● INSTRUCTIONS TO FOLLOW
With the line containing "Подлокотники. Элегантный дугообразный" as the start and the line containing "Điều kiện: Nếu" as the end, transcribe that span of the entries below exactly, including both.

● DATA TO EXAMINE
Content starts
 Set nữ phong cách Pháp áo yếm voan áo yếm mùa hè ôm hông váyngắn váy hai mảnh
Content ends
Content starts
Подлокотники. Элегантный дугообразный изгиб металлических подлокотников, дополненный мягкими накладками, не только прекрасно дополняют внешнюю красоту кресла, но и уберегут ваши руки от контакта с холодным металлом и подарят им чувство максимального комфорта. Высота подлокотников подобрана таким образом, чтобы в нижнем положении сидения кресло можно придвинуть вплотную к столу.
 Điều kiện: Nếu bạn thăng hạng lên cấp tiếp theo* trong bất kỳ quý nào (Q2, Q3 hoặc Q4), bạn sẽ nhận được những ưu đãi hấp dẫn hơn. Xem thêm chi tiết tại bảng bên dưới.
Content ends
● ANSWER SECTION
Подлокотники. Элегантный дугообразный изгиб металлических подлокотников, дополненный мягкими накладками, не только прекрасно дополняют внешнюю красоту кресла, но и уберегут ваши руки от контакта с холодным металлом и подарят им чувство максимального комфорта. Высота подлокотников подобрана таким образом, чтобы в нижнем положении сидения кресло можно придвинуть вплотную к столу.
 Điều kiện: Nếu bạn thăng hạng lên cấp tiếp theo* trong bất kỳ quý nào (Q2, Q3 hoặc Q4), bạn sẽ nhận được những ưu đãi hấp dẫn hơn. Xem thêm chi tiết tại bảng bên dưới.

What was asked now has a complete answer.